▶ [What the exercise asks]: Each line below is to be copied exactly; images do not go into the copy.

▶ [Exercise data]:
[Start of Attachment]

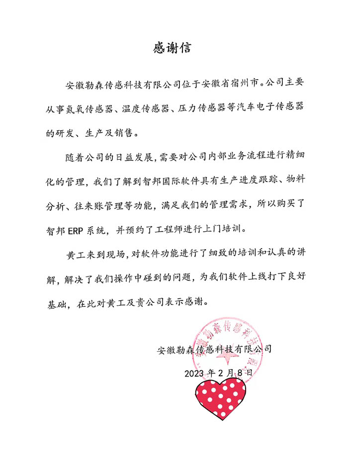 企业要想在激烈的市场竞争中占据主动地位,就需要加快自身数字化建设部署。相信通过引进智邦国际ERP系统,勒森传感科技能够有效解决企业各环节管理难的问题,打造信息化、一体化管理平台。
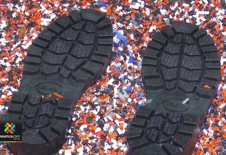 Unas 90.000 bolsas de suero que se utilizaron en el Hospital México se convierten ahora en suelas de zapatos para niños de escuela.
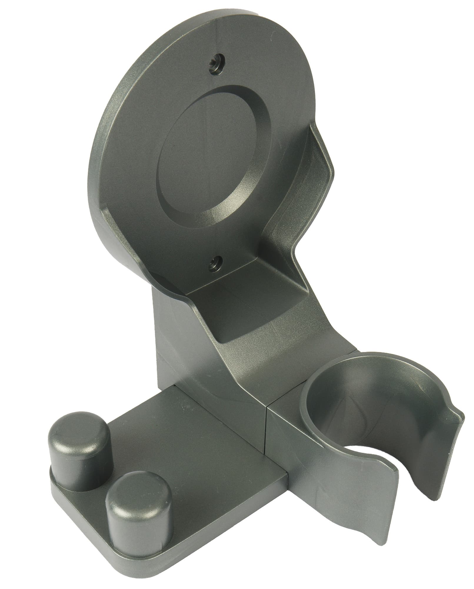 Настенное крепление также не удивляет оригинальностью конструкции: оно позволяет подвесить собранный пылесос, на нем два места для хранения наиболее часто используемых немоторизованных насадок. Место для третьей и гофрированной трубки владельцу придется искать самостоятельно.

[End of Attachment]

▶ [Finished exercise]:
 企业要想在激烈的市场竞争中占据主动地位,就需要加快自身数字化建设部署。相信通过引进智邦国际ERP系统,勒森传感科技能够有效解决企业各环节管理难的问题,打造信息化、一体化管理平台。
 Unas 90.000 bolsas de suero que se utilizaron en el Hospital México se convierten ahora en suelas de zapatos para niños de escuela.
 Настенное крепление также не удивляет оригинальностью конструкции: оно позволяет подвесить собранный пылесос, на нем два места для хранения наиболее часто используемых немоторизованных насадок. Место для третьей и гофрированной трубки владельцу придется искать самостоятельно.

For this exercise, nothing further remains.